It is conceivable, however, that the ISC may uncover an issue that merits further investigation but which is outside its remit to investigate. In those instances, it is right that the committee can refer the issue to the Investigatory Powers Commissioner, who can then decide whether to investigate further. It is also right that, having referred the issue, the ISC is then informed about the commissioner’s decision on whether to take further action. That is what the Government’s amendment seeks to achieve and I am glad that it has found favour with the committee.

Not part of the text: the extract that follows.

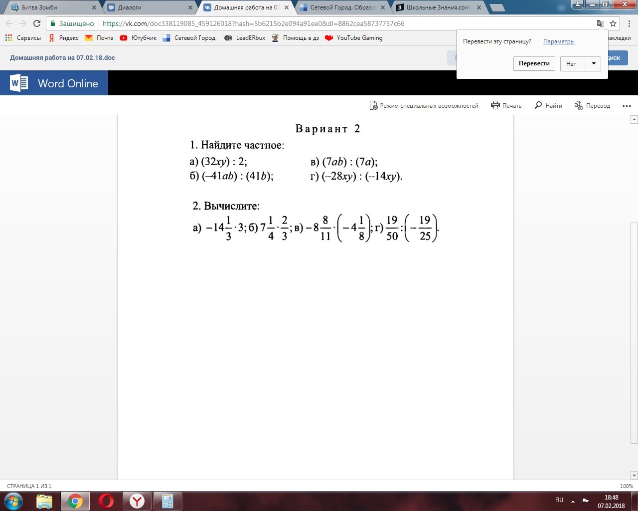 а) -14 x 1/3 x 3 (сокращаем 3 у дроби и у множителя и получаем -14 x 1) = -14. б) 7 x 1/4 x 2/3 (сокращаем дроби) 7 x 1/2 x 1/3 = 7/6 (1 1/6). в) -8 x 8/11 x (-4 x 1/8) (сокращаем дроби) -8 x 8/11 x (-1/2) (Сокращаем дроби и вычисляем) 4 x 8/11 = 32/11 ( 2 10/11). г) 19/50 x (-19/25) (делим) -19/50 x 25/19 (сокращаем дроби) = -1/2 (-0.5).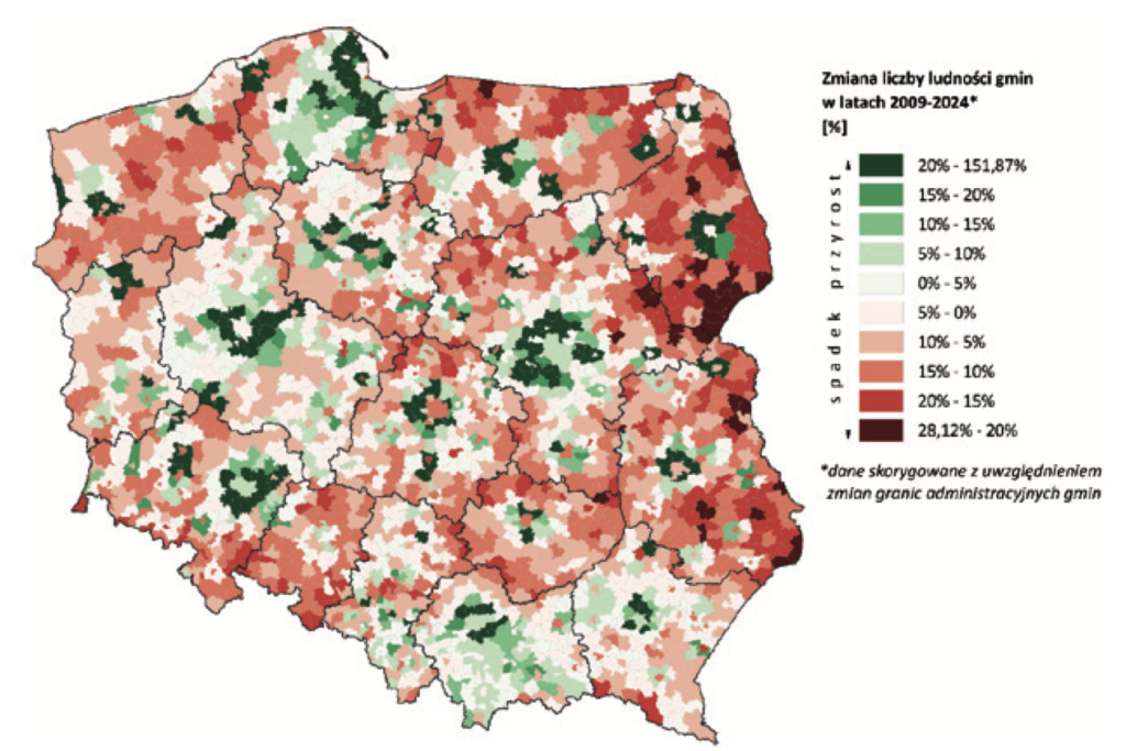 Polska kurczy się. Nie metaforycznie – dosłownie. Nowy raport demograficzny obejmujący lata 2009–2024 pokazuje, że setki polskich miast traci mieszkańców w tempie, które nie ma precedensu w powojennej historii kraju. Powiatu oświęcimskiego ten dramat dotyka w sposób szczególnie wyrazisty – i nikt nie może już dłużej udawać, że to chwilowe wahnięcie statystyk.

The amendment put forward by the noble Lord, Lord Janvrin, would go further than that and mean that the commissioner must then report to the ISC the result of the investigation. I find that difficult to accept for two reasons. First, the IPC should report solely to the Prime Minister, who is ultimately responsible for our national security and therefore best placed to take any national security decisions that arise as a result of the reports. Secondly, if an issue has been referred to the IPC because it is outside the remit of the ISC, it does not necessarily follow that the ISC should see the result of that investigation.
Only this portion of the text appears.